Top Tips To Account For Airbnb Income

May 27, 2016

Making sure you accurately account for the income from your Airbnb property is extremely important. In recent years the laws have changed regarding expenses you can claim against and which property improvements you can offset tax for.

Whilst there can be a large financial gain with short term lets, you need to make sure your financial records are accurate to keep the tax man happy and things running smoothly. With our top tips we hope to remove some of the potential stress and help you find things a lot less taxing!

Following the Chancellor’s recent budget and with effect from 6 April 2016, the ‘rent a room relief’ was increased from £4,250 to to £7,500. It now means an individual who rents out a room in their main home and meets the conditions will not pay any income tax on the rents received up to this amount, regardless of their other income.

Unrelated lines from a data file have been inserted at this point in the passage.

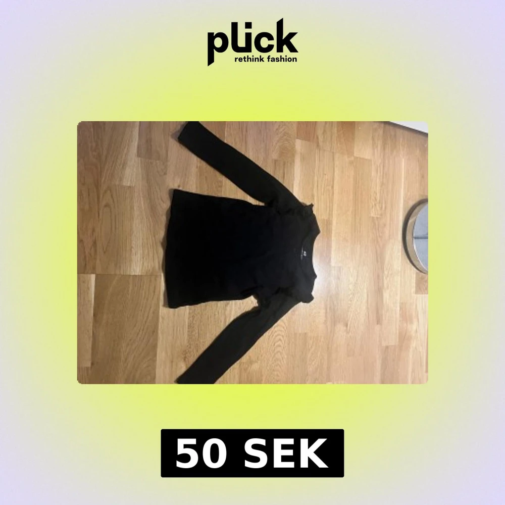 Svart långärmad tröja från H&M med volangdetaljer på axlarna. Tröjan är ribbad och har en figurnära passform, perfekt för dig som gillar en stilren look med en twist. Materialet känns mjukt och stretchigt.
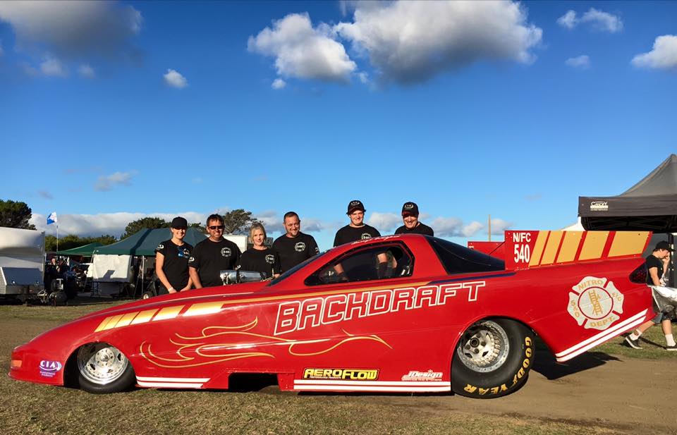Darryl Walford unveiled “Backdraft”, it is great to that name back on drag strips in Australia – unfortunately new car gremlins bit the team at this event. (Pic – Darryl Walford Facebook)
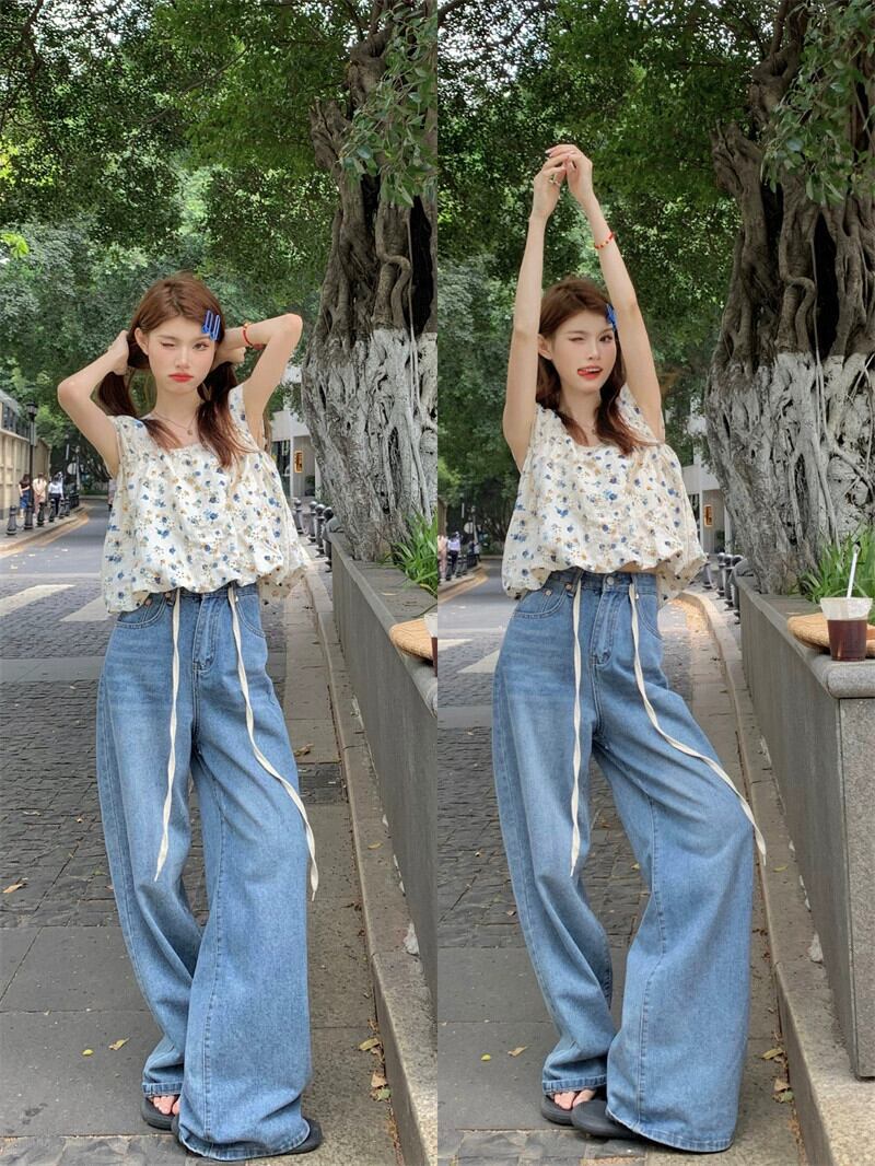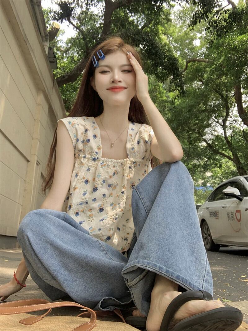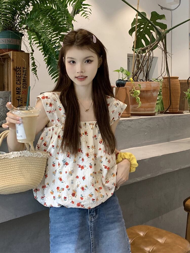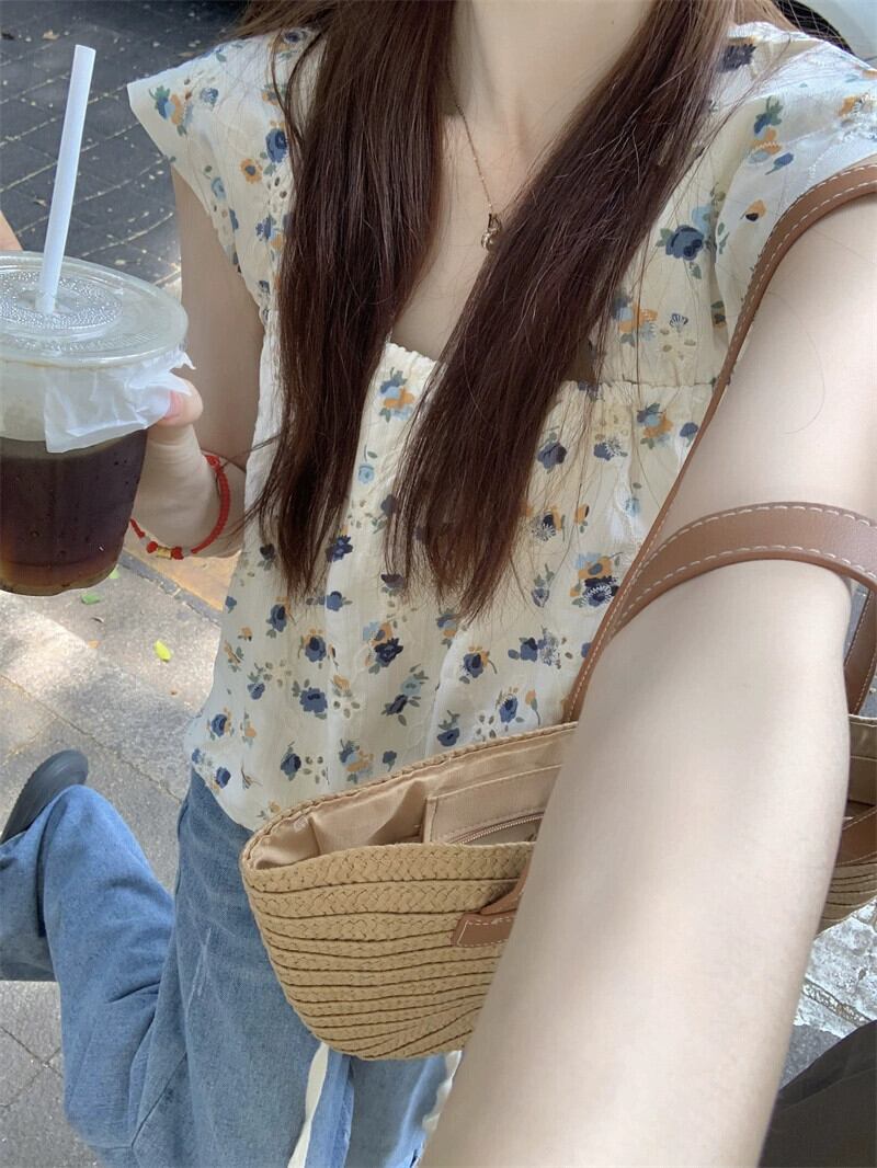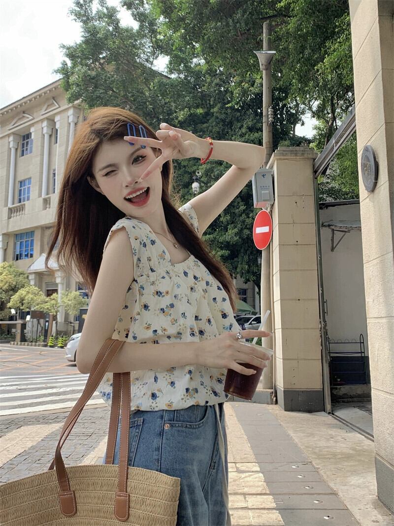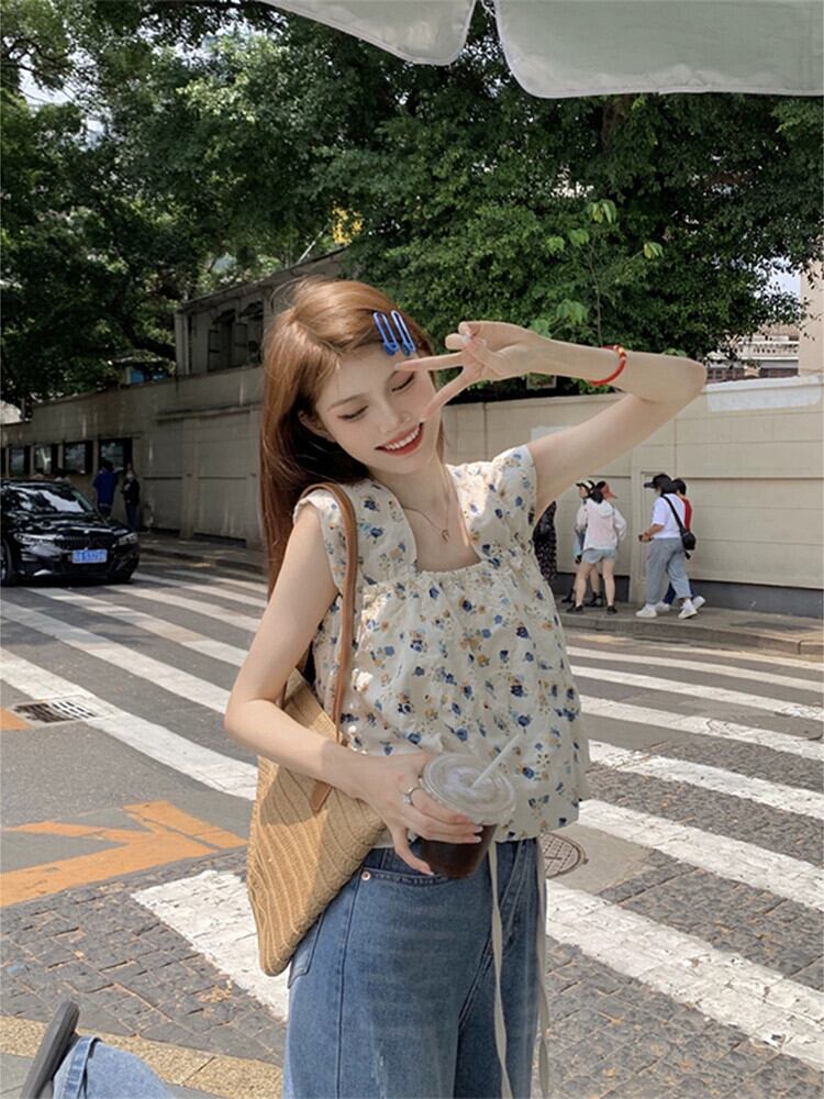 小さな新鮮な花柄スクエアカラーベスト女性の夏の 2023 新しいホリデースタイルオールマッチショートデザインキャミソールトップ サマー 夏物 スクウェア missk9746251368
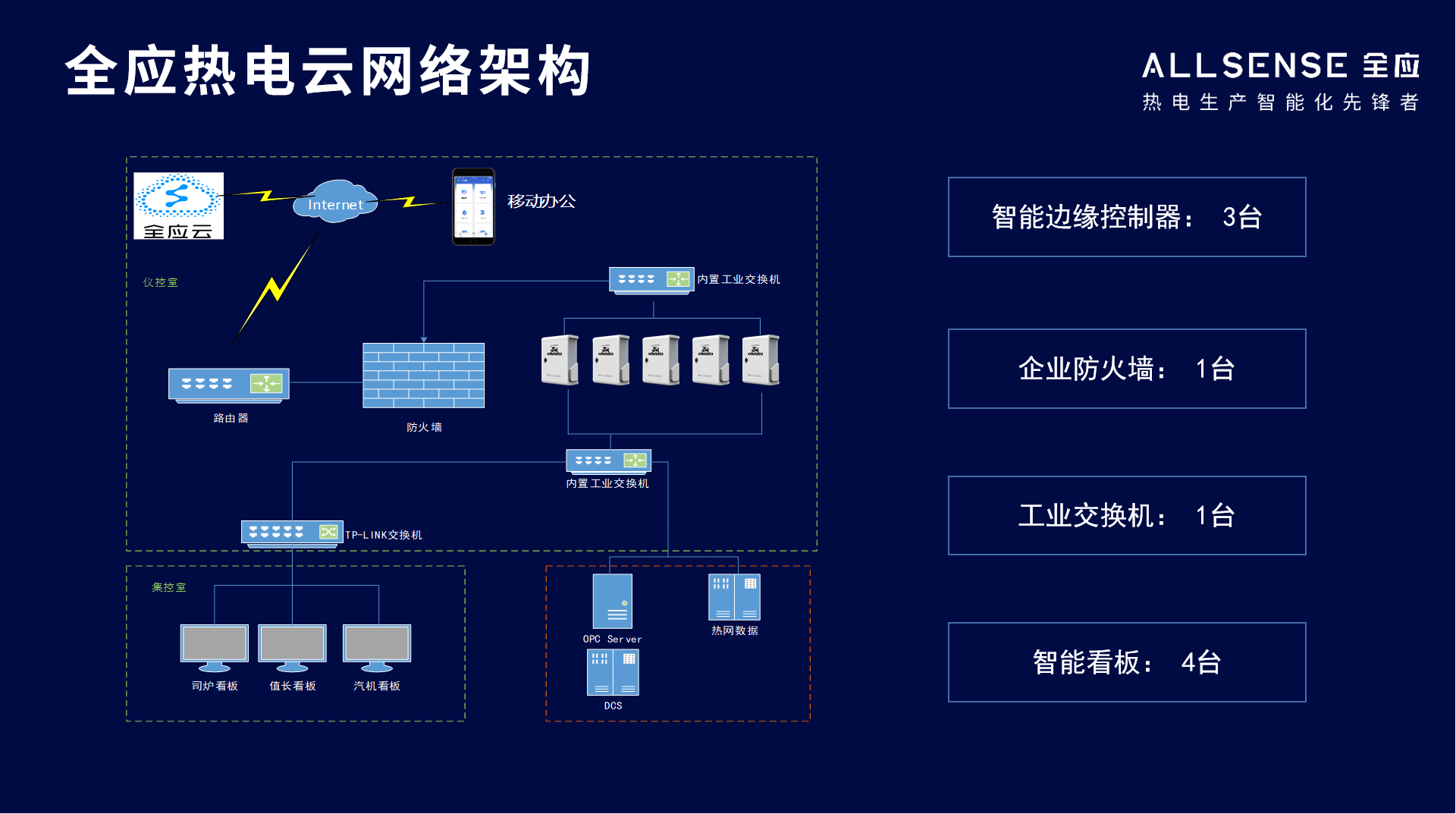 全應科技結合熱電廠實際情況,在熱電廠側共計部署智能邊緣控制器3臺,企業防火墻1臺,工業交換機1臺,智能看板4臺。既能提供熱電生產的智能化運行,又能確保熱電生產系統與外界隔離,確保熱電生產安全、穩定運行。
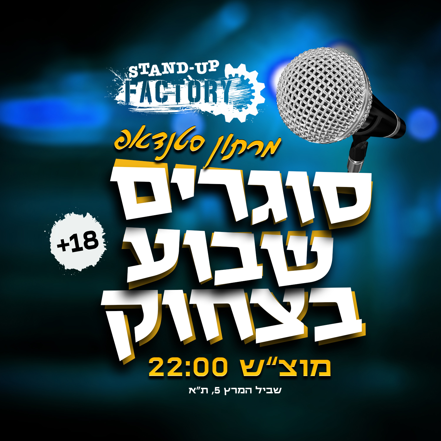 *הכניסה מגיל 18 סוגרים שבוע ומתחילים שבוע חדש בצחוק עם מרתון סטנדאפ מטורף בסטנד-אפ פקטורי. מועדון הסטנדאפ של תל אביב, עם ההופעות הכי טובות והאמנים הכי מצחיקים! אם בא לך מופע סטנדאפ בלי גבולות ובלי צנזורה, על כוס בירה, סטנד-אפ פקטורי זה המקום בשבילך. בין אמני הבית שלנו : אסף...
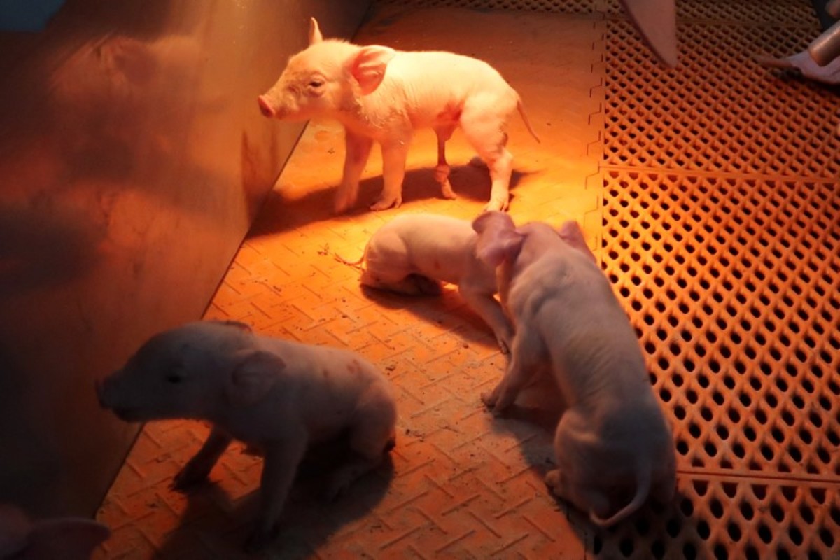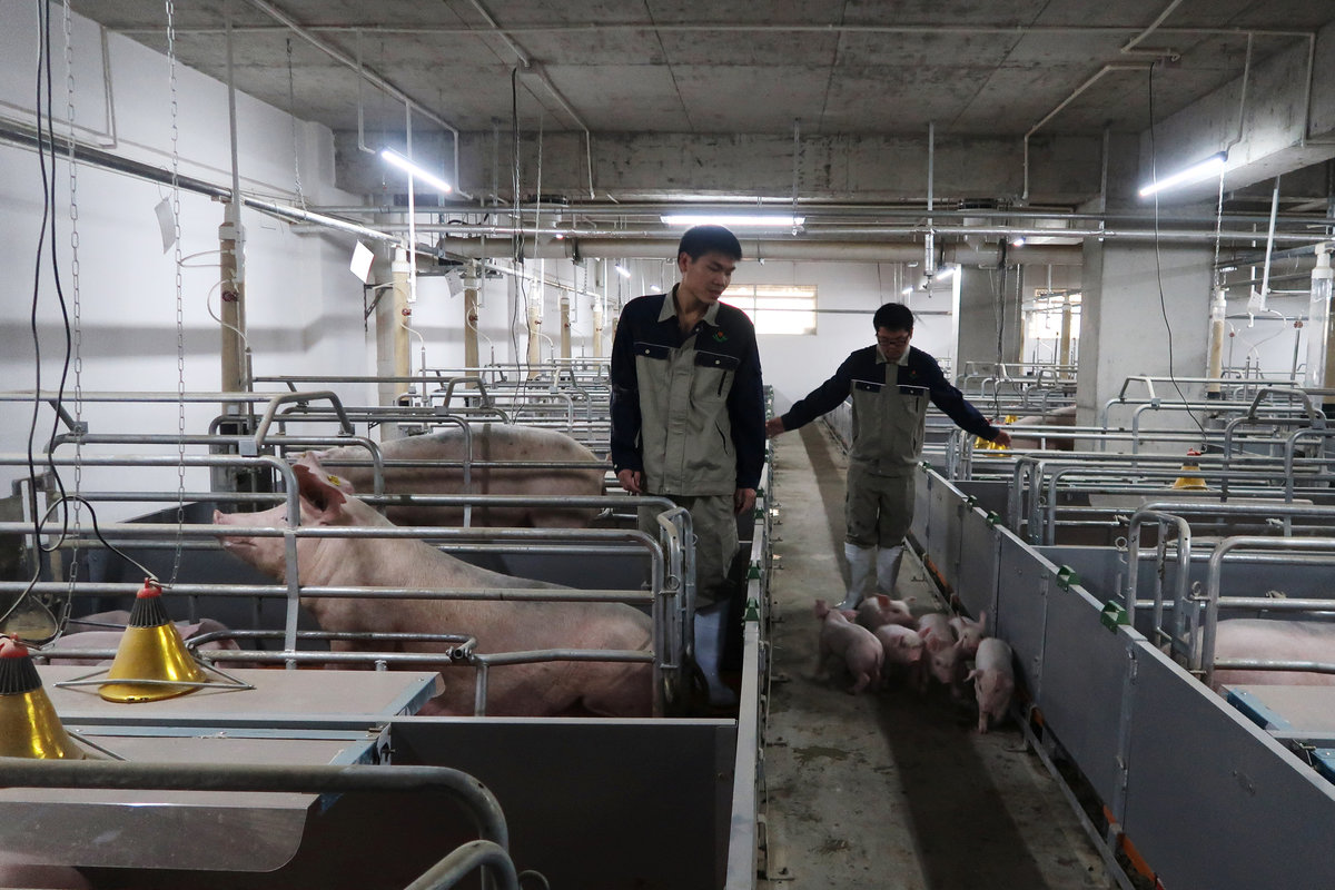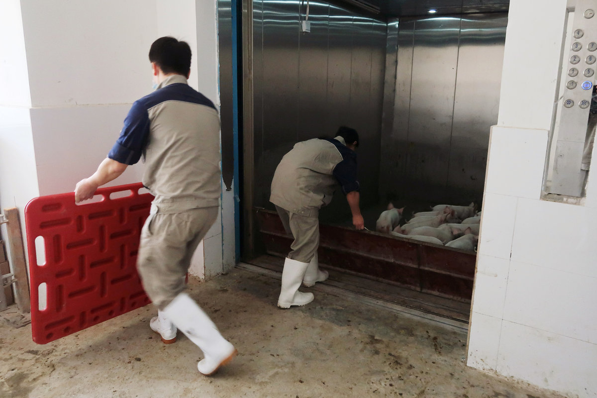 Farm manager Xu said Yangxiang reduces the risk of disease by managing each floor separately, with staff working on the same floor every day. New sows are introduced to a building on the top floor, and are then moved by elevator to an assigned level, where they remain.
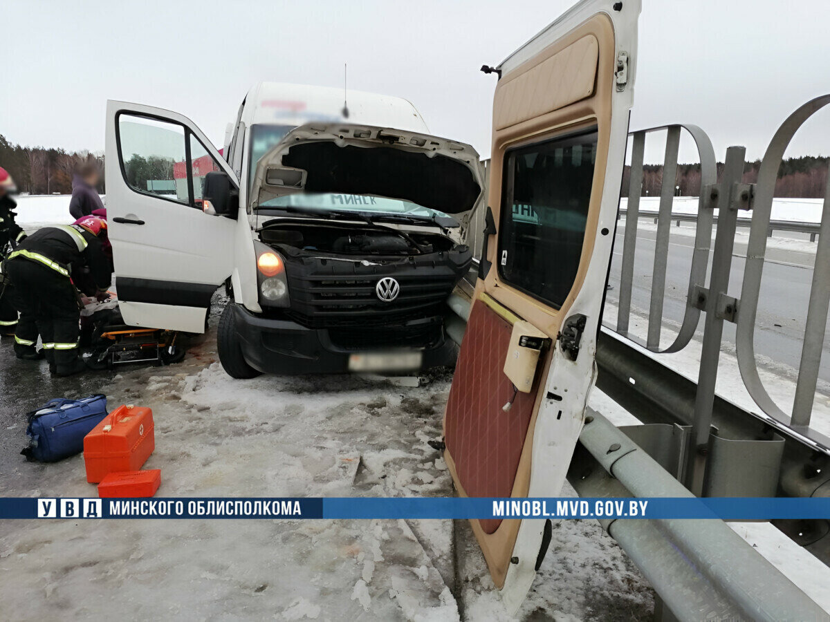 На трассе «Минск-Могилев» маршрутка с пассажирами влетела в ограждение. Семь человек увезли в больницу — Фото
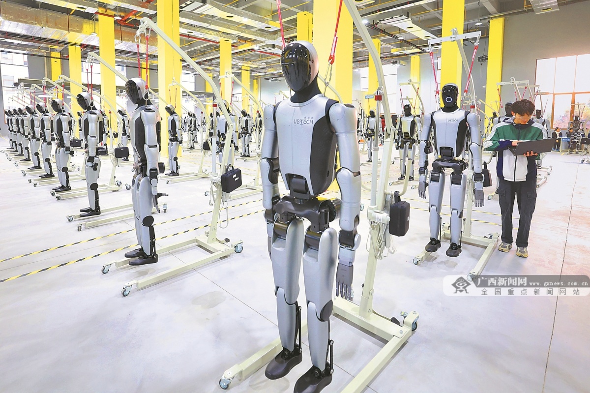 柳州优必选智能科技无限公司出产的工业人形机械人。培育本土“人工智能+制制”办事商43家。用好“企业、项目、场景、问题”清单,新增特种机械人等智能产物258个,出台支撑“人工智能+制制”、推进机械人财产成长系列政策,我区将推进规上企业智改数转网联,鞭策“人工智能+制制”成型起势。2025年,鞭策沉点企业出产效率平均提拔30%以上、成本降低20%以上。为工业高质量成长注入强劲智能动能。实施场景赋能专项步履?

Craig Harman, consultant from Perrys Chartered Accountants added,“It should be noted however, that this threshold is based on the gross income received before deduction of any expenses and includes receipts for any additional services such as meals and cleaning. As with any business it is a requirement to keep detailed records of the income received and business expenses incurred, however this is particularly important for those who exceed the above threshold. In this case, the individual can choose to either deduct the relief from their income and only pay income tax on the amount received above £7,500 or deduct their actual qualifying business expenditure if this is greater. From April 2017, the amount of tax relief available for finance costs against an individual’s residential property income will be restricted. However, individual’s who let out their properties on a short term basis and meet the furnished holiday let qualifying conditions will not be affected by the new restrictions. Therefore those in this position will need to take particular care to monitor the conditions and maintain accurate records to determine the number of days the property was available for and the number of days on which it was actually let during the tax year.”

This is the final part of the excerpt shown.